All TES cases were performed by the same operator (P.P.). All patients underwent an anterior-posterior approach. The anterior retroperitoneal approach on the left side was used to identify and cut the diaphragmatic crus, which were inserted at the L2 vertebral body (Figure 1). En bloc laminectomy was then performed with a posterior approach using T-saw pediculectomy (Figure 2). The bilateral L2 nerve roots were ligated and cut at the level proximal to the dorsal root ganglion. The en bloc vertebrectomy was done using a posterior approach by cutting the adjacent intervertebral disc with an L-shape osteotome (Figure 3) and then rotating the vertebral body outward carefully to avoid any thecal sac injury. A titanium mesh cage was used for anterior column reconstruction, and spinal shortening was performed to tighten the cage and increase spinal blood flow.

Figure 1
  • Download figure
  • Open in new tab
  • Download powerpoint
Figure 1

The diaphragmatic crus from left side anterior retroperitoneal approach.

Figure 2
  • Download figure
  • Open in new tab
  • Download powerpoint
Figure 2

En bloc laminectomy performed with a posterior approach using T-saw pediculectomy.

Figure 3
  • Download figure
  • Open in new tab
  • Download powerpoint
Figure 3

L-shaped osteotome used to perform spondylectomy through posterior approach.

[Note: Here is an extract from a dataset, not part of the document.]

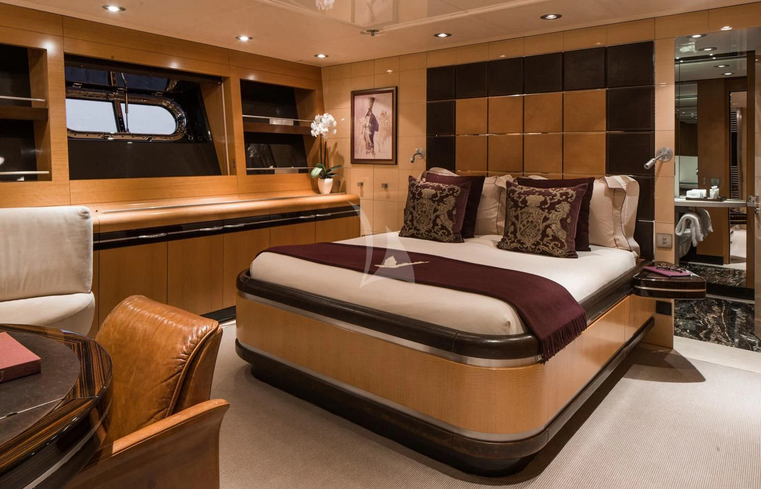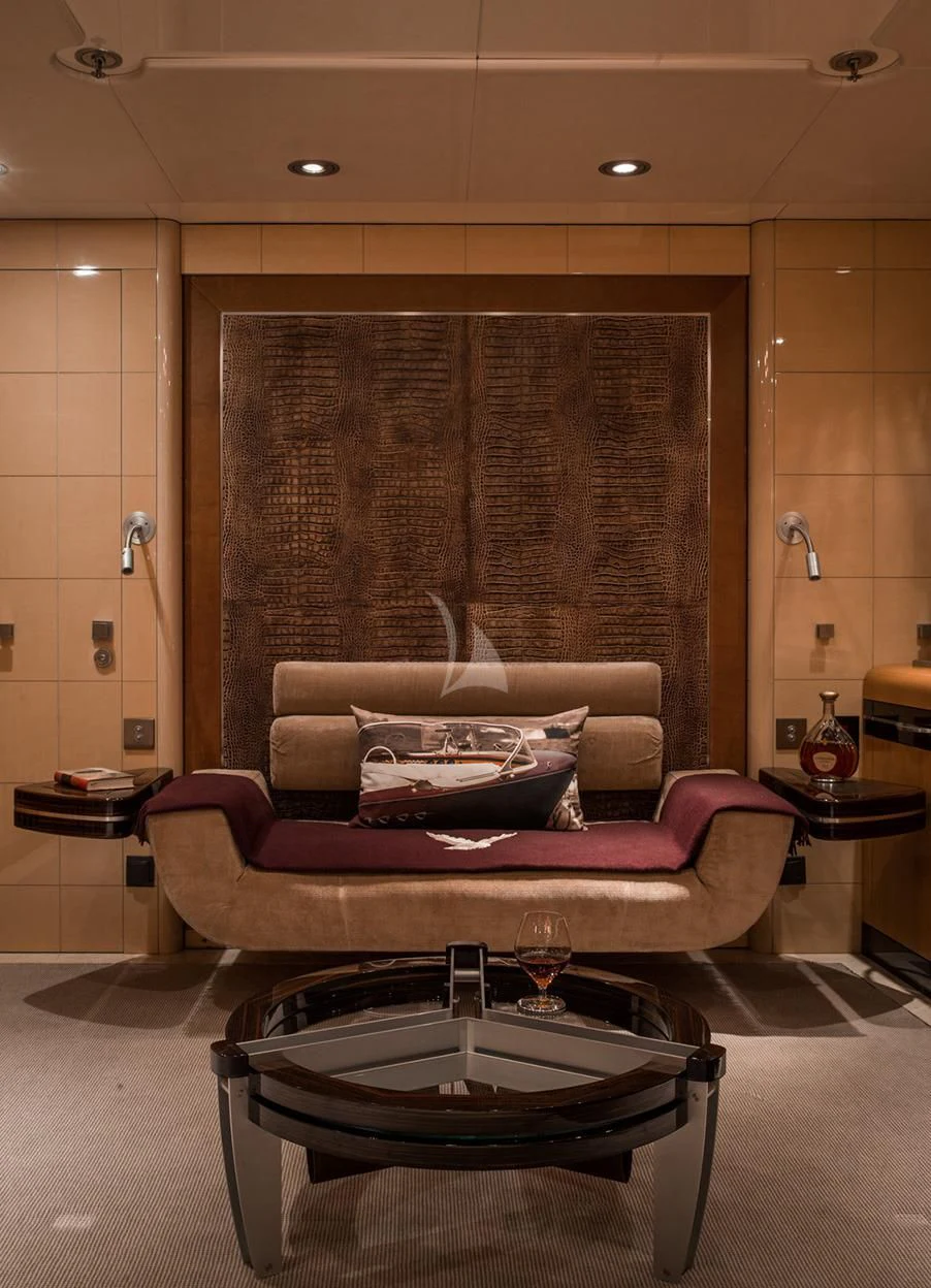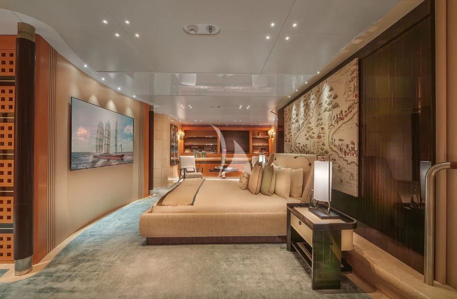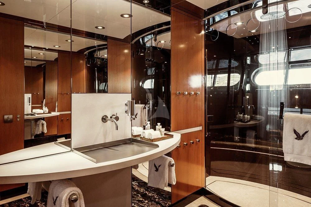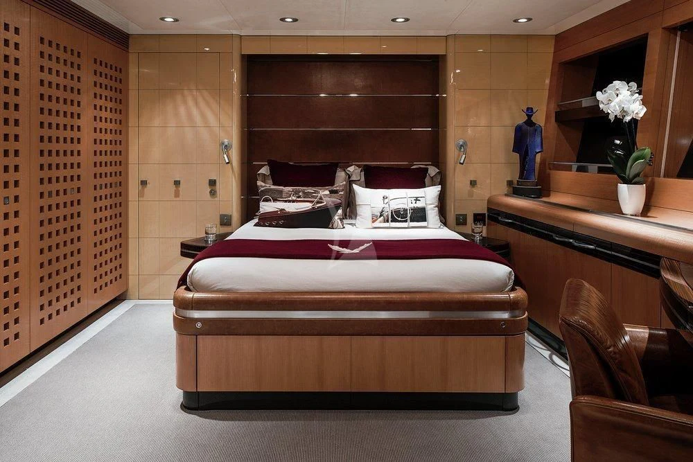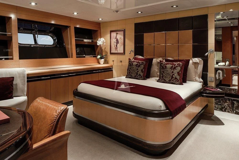 Step inside MALTESE FALCON's luxurious interior, where you'll find six opulent cabins meticulously designed to accommodate up to twelve guests comfortably. Each stateroom is imbued with unique design elements that reflect refined taste and understated elegance, complemented by a soothing color palette that enhances the overall ambiance within these private havens. The master stateroom stands out with its lavish furnishings and superior comforts—truly a sanctuary fit for royalty aboard this magnificent vessel.

The primary outcome was neurologic recovery of the IP and Qd vis-à-vis motor function according to MMT grading. The secondary outcomes were Frankel neurological status, sensation impairment, the Eastern Cooperative Oncology Group (ECOG) score, and the Oswestry Disability Index (ODI)13,14 at the last follow-up. In terms of follow-up, a clinical evaluation was done, and a plain radiograph taken monthly until month 3. Then a clinical assessment was done, and a plain radiograph and computed tomographic (CT) image were taken of the spine every 3 months until 1 year. Finally, the clinical examination and x-ray imaging were done every 6 months until year 2. Magnetic resonance imaging (MRI) was indicated when local recurrence of the tumor was suspected by CT. In terms of neurological status and MMT testing evaluation, all patients were assessed by the operating author (P.P.).

RESULTS

Of the 38 TES cases at our institution, 8 underwent TES at the L2 level. After screening according to the inclusion and exclusion criteria, only 6 patients (4 men) remained in the study. The demographic data, presenting symptoms, and duration of symptoms for these patients are presented in Table 1.

View this table:
  • View inline
  • View popup
Table 1

Patients’ demographics and presenting symptoms.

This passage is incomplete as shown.